● What is being asked: Make an exact copy of the records below, excluding images.

● Dataset content:
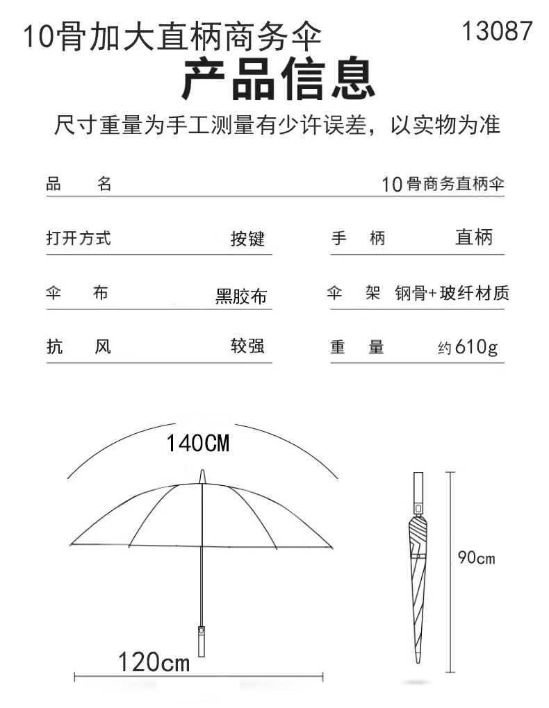 天堂 现代风尚直杆双人伞 13087E 70cmX10g骨 藏青色(单位:把)
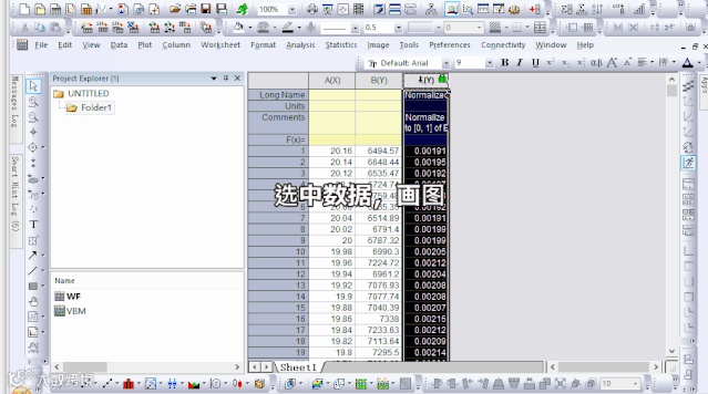 画图也比较简单,先复制Avantage里的数据到Origin里面,并进行归一化操作,然后绘图即可。数据复制+归一化如下动图:
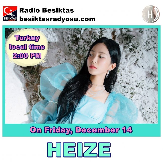 Güney Koreli şarkıcı, rapçi, söz yazarı ve besteci olan 1991 doğumlu Heize, önümüzdeki hafta kış geri dönüşünü gerçekleştirecek. Heize’nin Türk hayran sayfası HEIZE TURKEY ve Radyo Beşiktaş işbirliği ile sanatçının yeni single’ı "At First Sight"a özel yayın yapılacaktır.
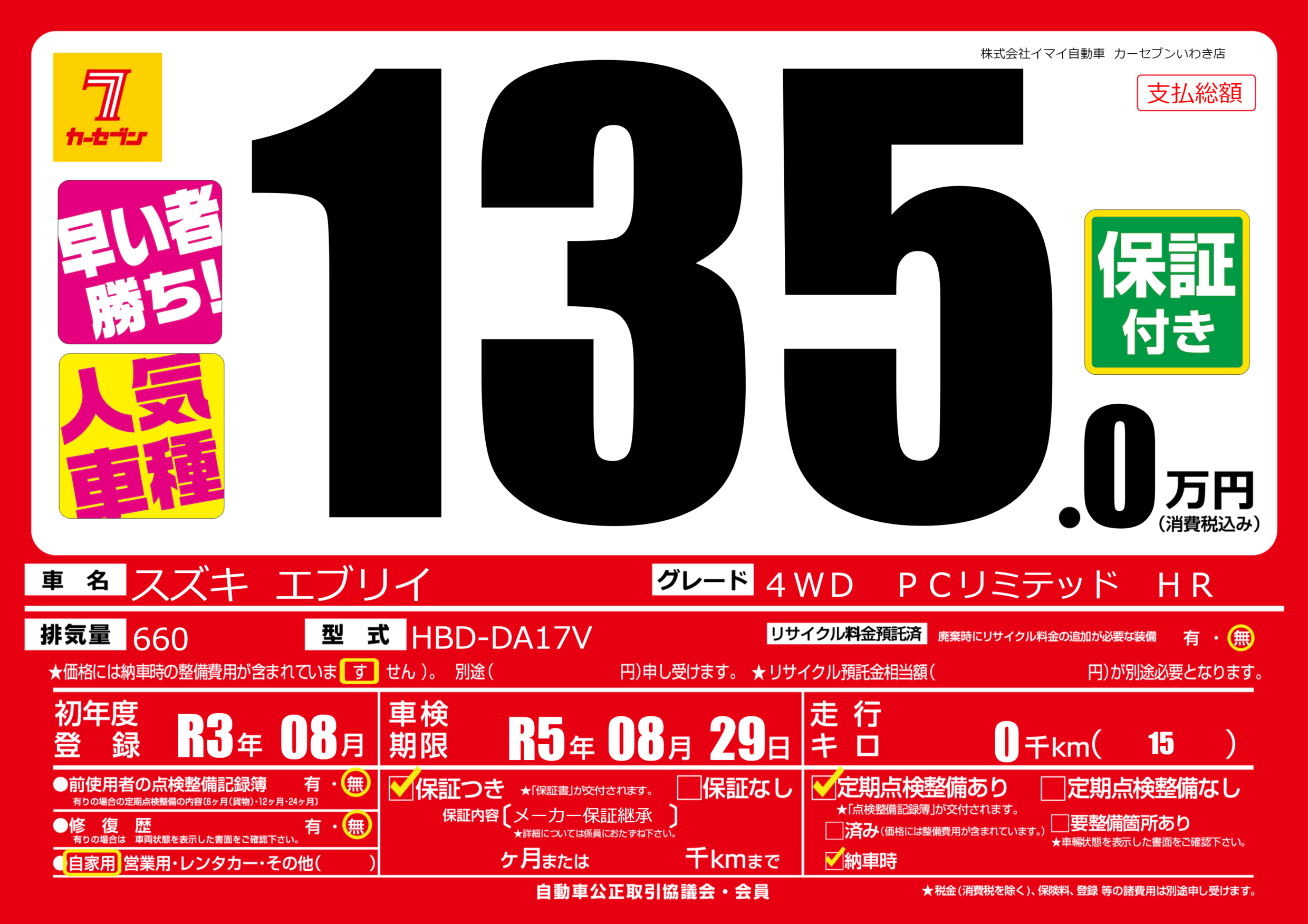 | 車名 | スズキ エブリイ | グレード ミッション 排気量 |
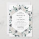 Elegante blumengeschmückte Einladungen mit Ihren Hochzeitsdetails, gerahmt von weißen Aquarellanemonen, Elfenbein-Rose und dunkelgrünen Blätter. Die weißen Anemone Hochzeitseinladungen kehren zurück, um einen schönen dunklen Salbei grünen Aquarell zu zeigen.
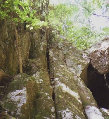 この滝は、左のバンド状を登る事になる。滝そのものは雨が降らないかぎりは乾いていると思うが、こけが多く通常の岩とは勝手が異なる。ビレイヤーにも一段上がってもらい確保をお願いする。最上部に腐りかけたハーケンが2本あるが十分な強度はない。その他は全く支点はない。まず最初の一歩がでず、なかなか登ることができない。困難ではないのだが、最初の支点がとれないのだ。ナッツで支点をとりはしたがふんぎりがつかない。前回、自分はどうやって登ったのかなあと悩んでしまう。しばらく、岩に登っておらず勘が鈍っているようだ。写真でもわかるようにバンドと平行してクラック状の溝があるがそこに石が詰まっており、周りの土を払いのけるとCSになっていたのでそこにシュリンゲをかけて支点をとる。今度は、しっかりとした支点がとれ安心して登れる。後は同様にいくつかの支点をCSとナッツおよび木の根からとり登る。支点さえ取れれば問題なく登れる。最後は、いったん滝の上まで登り木を支点にして懸垂で降りることになる。15mのCS滝をリードする場合は、多めのシュリンゲとハンマー及びハーケンも持った方が良い。前回は、良くきいたハーケンを1本うった後回収したのだが、自分でもどこにうったか今回分からなかった。この滝のリスは、せまく薄いハーケンが都合が良いだろう。

● Response area:
 天堂 现代风尚直杆双人伞 13087E 70cmX10g骨 藏青色(单位:把)
 画图也比较简单,先复制Avantage里的数据到Origin里面,并进行归一化操作,然后绘图即可。数据复制+归一化如下动图:
 Güney Koreli şarkıcı, rapçi, söz yazarı ve besteci olan 1991 doğumlu Heize, önümüzdeki hafta kış geri dönüşünü gerçekleştirecek. Heize’nin Türk hayran sayfası HEIZE TURKEY ve Radyo Beşiktaş işbirliği ile sanatçının yeni single’ı "At First Sight"a özel yayın yapılacaktır.
 | 車名 | スズキ エブリイ | グレード ミッション 排気量 |
 Elegante blumengeschmückte Einladungen mit Ihren Hochzeitsdetails, gerahmt von weißen Aquarellanemonen, Elfenbein-Rose und dunkelgrünen Blätter. Die weißen Anemone Hochzeitseinladungen kehren zurück, um einen schönen dunklen Salbei grünen Aquarell zu zeigen.
 この滝は、左のバンド状を登る事になる。滝そのものは雨が降らないかぎりは乾いていると思うが、こけが多く通常の岩とは勝手が異なる。ビレイヤーにも一段上がってもらい確保をお願いする。最上部に腐りかけたハーケンが2本あるが十分な強度はない。その他は全く支点はない。まず最初の一歩がでず、なかなか登ることができない。困難ではないのだが、最初の支点がとれないのだ。ナッツで支点をとりはしたがふんぎりがつかない。前回、自分はどうやって登ったのかなあと悩んでしまう。しばらく、岩に登っておらず勘が鈍っているようだ。写真でもわかるようにバンドと平行してクラック状の溝があるがそこに石が詰まっており、周りの土を払いのけるとCSになっていたのでそこにシュリンゲをかけて支点をとる。今度は、しっかりとした支点がとれ安心して登れる。後は同様にいくつかの支点をCSとナッツおよび木の根からとり登る。支点さえ取れれば問題なく登れる。最後は、いったん滝の上まで登り木を支点にして懸垂で降りることになる。15mのCS滝をリードする場合は、多めのシュリンゲとハンマー及びハーケンも持った方が良い。前回は、良くきいたハーケンを1本うった後回収したのだが、自分でもどこにうったか今回分からなかった。この滝のリスは、せまく薄いハーケンが都合が良いだろう。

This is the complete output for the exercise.